Custom Picture Framing Vs Store-Bought Or Standard Frames - Which And When To Choose
Many people ponder whether there's a difference between custom picture framing and purchasing a "standard" size, store-bought frame from a department or craft store. A frame can be a frame, glass is glass, matting is matting -- simply what does it matter? Why should I pay more money when there's really no need? There is often a difference, it can matter greatly, specifically if the art or item you wish to put in that frame has any kind value or is of a specific dimension, along with the additional price of having it done correctly is well worth the while. Not everything requires a custom frame, but also for some kinds of art or items there is really no choice. Additionally, its smart to get wise in your range of custom framer. Not every facility that advertises itself as offering custom framing is really providing that service. The following information and guidelines should help you with your decision making process.
The benefits to getting the art custom framed:
• No force fitting -- the size of the art dictates the ultimate sized the mat and frame -- perfect symmetry (I.e. if the art has a dimension of 6" x 17", you aren't made to obtain a mat and frame at 16" x 20" leading to "odd" borders)
• Unlimited choices in moulding and matting
• High quality, acid-free materials to safeguard your art and keep it in pristine condition
• It's less costly than it may seem (call around and price compare)
• Value retention - improperly treated art will begin to deteriorate and lose its value
• Confidence in knowing the job was done professionally - several types of art require their unique special treatment -- a canvas should not be framed in the same way as being a charcoal sketch, as being a needlework, etc.
The drawbacks to purchasing a store-bought, "standard" size frame and performing it yourself:
• The frame (often plastic or resin)
• The glass (that's doubtful UV, or worse, a sheet of acetate)
• The mat (usually created from wood cellulose product)
• The backing (generally cardboard)
• All of these materials will damage any type of art since they contain high degrees of acidity, which can be extremely damaging to the art
• The glass will not be of much help either as it lets in ultra-violet light, another "art killer"

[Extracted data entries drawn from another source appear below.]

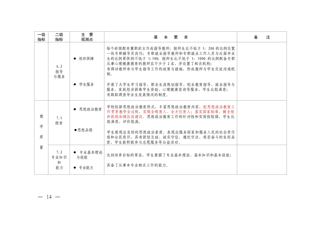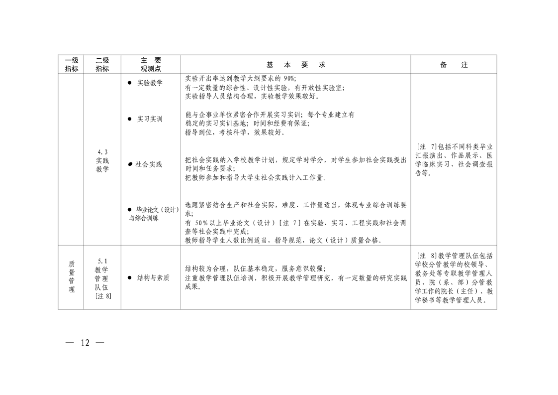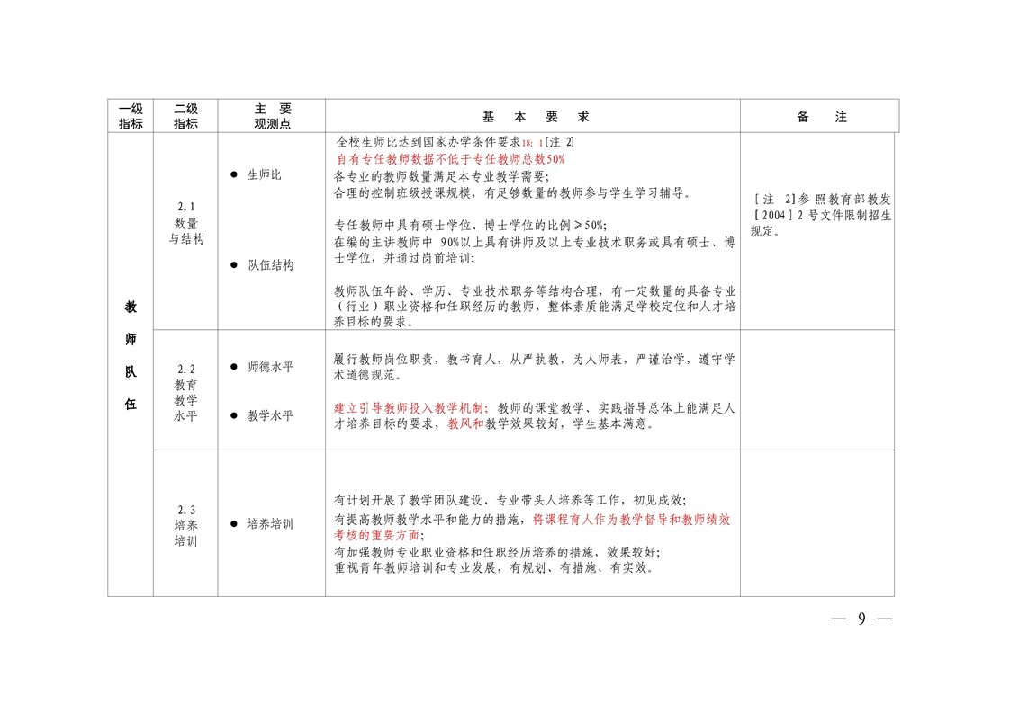 附件1:本科教学工作合格评估指标和基本要求(调整版)
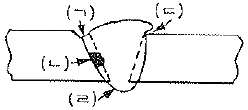 다음 그림과 같은 수평자세 V형 홈이음 용접에 있어서 언더컷은 어느 부분을 말하는가?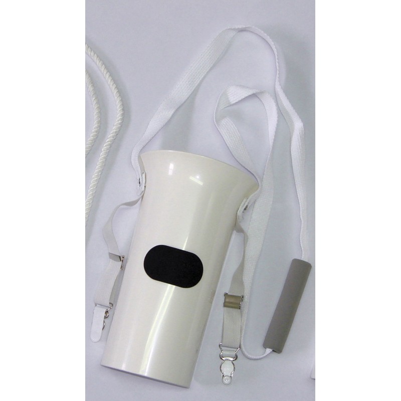 Enrolle el calcetín o media y póngalo alrededor del ayudador por la parte que no tiene los tirantes. Apriete el calcetín o medio con los tirantes adicionales laterales.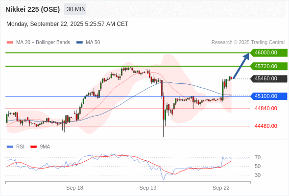 在 45100.00 之上,看涨,目标价位为 45720.00 ,然后为 46000.00 。
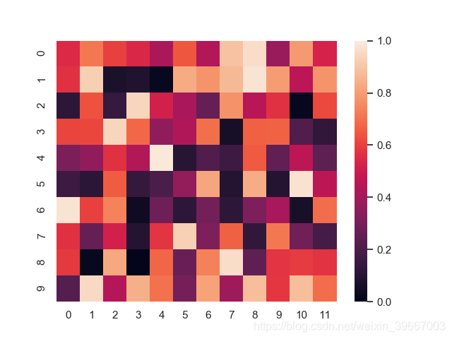 data: 矩阵数据集,可以是numpy的数组(array),也可以是pandas的DataFrame。如果是DataFrame,则df的index/column信息会分别对应到heatmap的columns和rows,即pt.index是热力图的行标,pt.columns是热力图的列标。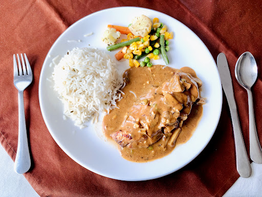 Stylish understated hotel dining room serving a menu of Indian, Continental and Chinese dishes.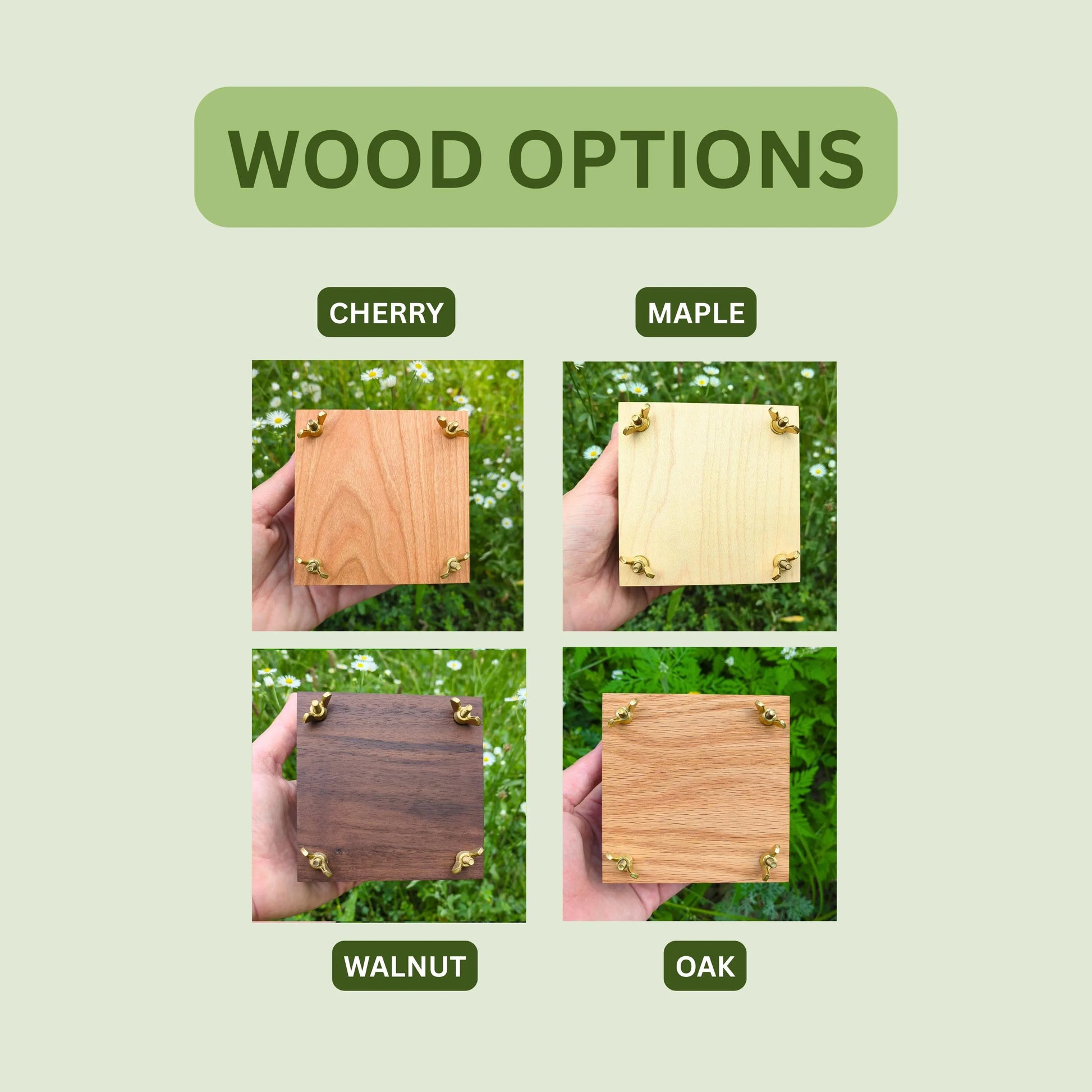 Our hardwood flower presses are made from hand-selected hardwood sourced locally here in Central Michigan. They measure 7 x 7 x 2.5 inches making them perfect for pressing multiple flowers on each sheet at once!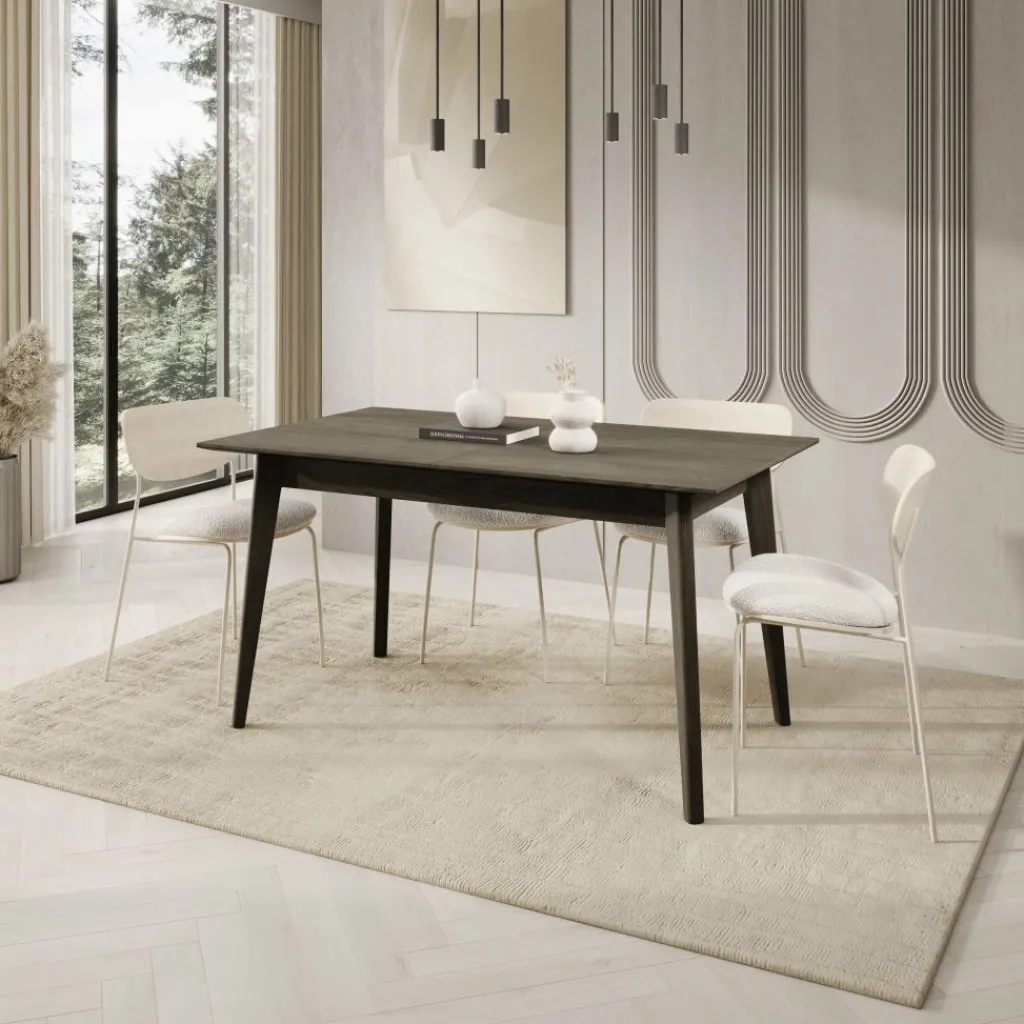 De donker eikenlook afwerking geeft de Portino een duidelijke en strakke uitstraling die goed past in moderne en eigentijdse eetkamers. De rechte vormgeving en solide poten zorgen voor voldoende ruimte en een stevige basis in zowel gesloten als uitgeschoven stand.

• Size limitations - you will not able to find a frame at 6" x 17" if that is that which you need
• You don't have to struggle trying to trim a photo, cut a mat, "glue" the art down, or force the art into a too small or too large space
• You may have to pay to offer the job done over, in particular when damage was done by you or even a non-professional
Any professional framer should be using acid-free materials and UV or museum glass in order to protect the art or item from environmental conditions including sunlight, acid, air pollutants, etc. It is always unfortunate to view a beautiful, gold gilding onsite training original piece of art that's been tucked right into a commercially made frame using the intention of having it made by an experienced later. When it is taken out of the unprotected environment, damages is apparent: fading of color and inks (which may clearly be observed when observed next for the area which was underneath the edge of the frame), yellowing (evident when the mat is lifted from the borders), proof of trimming or cut edges around the art given it had to become forced into an inappropriately sized frame (sure to limit the art's value if there exists any), as well as on and on. Once something has become improperly handled, there's often little being carried out to make reparations (at least as much as the value is worried).
There are common types of willing to buy picture frames available. You can find them almost anywhere you shop from retail and home stores, to craft stores on the local "dollar" store. They are perfectly fine when you have a snap from the pet dog or perhaps a minute card you need to display. These types of frames are not acceptable for far more than that though. Do some research, make some calls to custom frame shops inside your area and also by all means, don't let yourself be fearful of asking these questions:
• Does your facility use acid-free materials and give UV or museum glass?
• Is the framing work done on premises or "farmed out?"
• Do you have the resources to slice your individual frames to size, or have you been ordering factory, "standard" size frames then fitting the art to the frame?
• Are you knowledgeable about handling different types of art? (E.g. canvases, needlework, pastels, 3-D objects, textiles, etc.)
• Are you familiar with the proper treatment, mounting and framing of proper or valuable art?
• Are you insured?
By taking the time to gauge the importance of the art work you are interested in framing, performing a little research and asking some pertinent questions, you will be fully equipped to make the proper decisions. Again, not every little photo needs being professionally framed, but you'll thank yourself over time for having made the best choice to the art that ought to be.
Hello from Iceland. I'm glad to be here. My first name is Benito.
I live in a small city called Selfoss in east Iceland.
I was also born in Selfoss 33 years ago.
Married in September 2002. I'm working at the post office.